Вьюгин подумал, что кто-нибудь из них или они оба являются жертвами такой родительской алчности и не могут обрести спутницу жизни.

Потом они заговорили о белых миссионерах и Вьюгину запомнилась только одна из сказанных фраз:

— Они просто верят в какую-то выдуманную Африку. Эти святые отцы проповедуют ношение штанов и хорошие манеры, веру в божественное начало и санитарию. Только они теряют всоих новообращенных с такой же скоростью, с какой их приобретают.

Вьюгину подумалось, что в этих словах была явная передержка, хотя о работе здешних миссионеров он ничего не знал. Все-таки большинство в этой стране считалось христианами и он не слышал о массовом возврате к язычеству.

Потом они вышли, их место заняли какие-то старики и один из них продолжал рассказ, начатый, видимо, еще на автобусной остановке:

— И разве не сказал однажды клоп своим детям, чтобы они учились терпению. Ибо то горячее, что льется теперь на нас, когда-нибудь станет холодным.

Природа за окном не отличалась никакой экзотикой. Проносились поля проса и кукурузы, а больше заросли сухой высокой травы, местами выгоревшей. Вдали виднелись отдельные зонтичные акации и под ними стада тощих коров. Иногда такое стадо оказывалось рядом и тогда коровы тупо следили за движущимся объектом, видимо, не проявляя большого интереса к неаппетитному подножному корму. В одном месте, недалеко от дороги, целое скопище стервятников деятельно расправлялось с падалью. Автобус зачем-то замедлил ход, до окна долетел трупный запах и Вьюгин успел заметить среди подпрыгивающих грифов рогатую голову на земле.

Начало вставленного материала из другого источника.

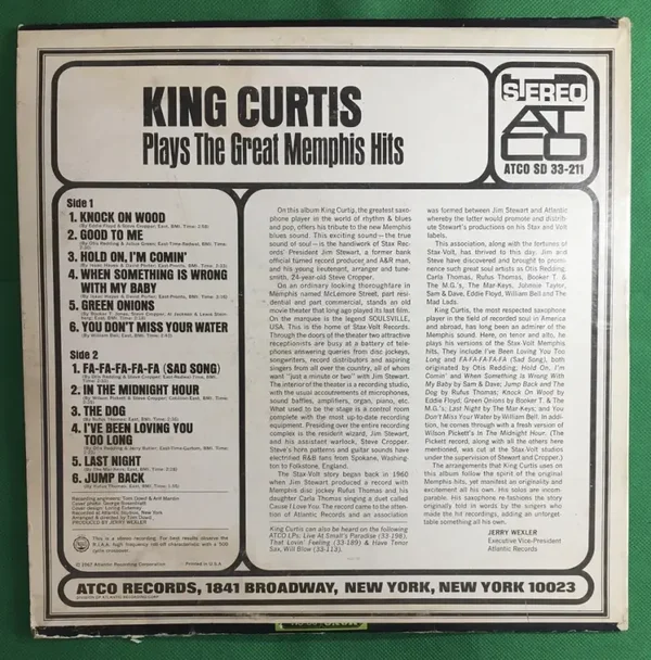 King Curtis : Plays The Great Memphis Hits (1967)Funk Soul LP Vinyl Record 33-211Record Grade: G(minor scratches through-out, priced accordingly)

Дорога до Бутенги заняла часа три и уже из окна автобуса Вьюгин увидел эти самые горы, которые ему предстояло фотографировать. Но ему, конечно, надо было к ним приблизиться и потом уже снимать с разных направлений.

Бутенга был небольшим городком, где самое высокое здание ограничивалось тремя этажами. Одним из этих немногих и была гостиница с затасканным уже названием “Сафари”. Вдали вздымались к бледноватому от жары небу два культовых сооружения: белый католический собор с двумя колокольнями рядом и, тоже белая, мечеть с минаретом, похожим на заостренный карандаш. Вьюгин нашел, что это сравнение так же заезжено, как и название гостиницы, но ничего другого ему в голову не приходило.

“Сначала занимаюсь съемками”, решил он, “потом беру номер и обедаю в гостинице”. Он узнал еще в автобусе, что обратный рейс будет часа через два и он едва ли закончит свои дела. Да и зачем ему, собственно говоря, спешить? Завтра в десять утра будет возвращаться этот же автобус, на котором он приехал. Внутри что-то сладко покалывало, Вьюгин даже вспомнил годы военной службы, хождение в город и по увольнительной, и в самоволку. Забытое ощущение обретения свободы вернулось к нему и еще была какая-то тяга к тому, чтобы разбить монотонность повседневности и вообще тянуло к нарушению запретов. Так, мало пьющий Вьюгин, отпущенный, бывало из казармы до определенного часа, испытывал неодолимое желание совершить хоть какое-нибудь нарушение устава, скажем, посредством выпивки, пусть даже почти символической.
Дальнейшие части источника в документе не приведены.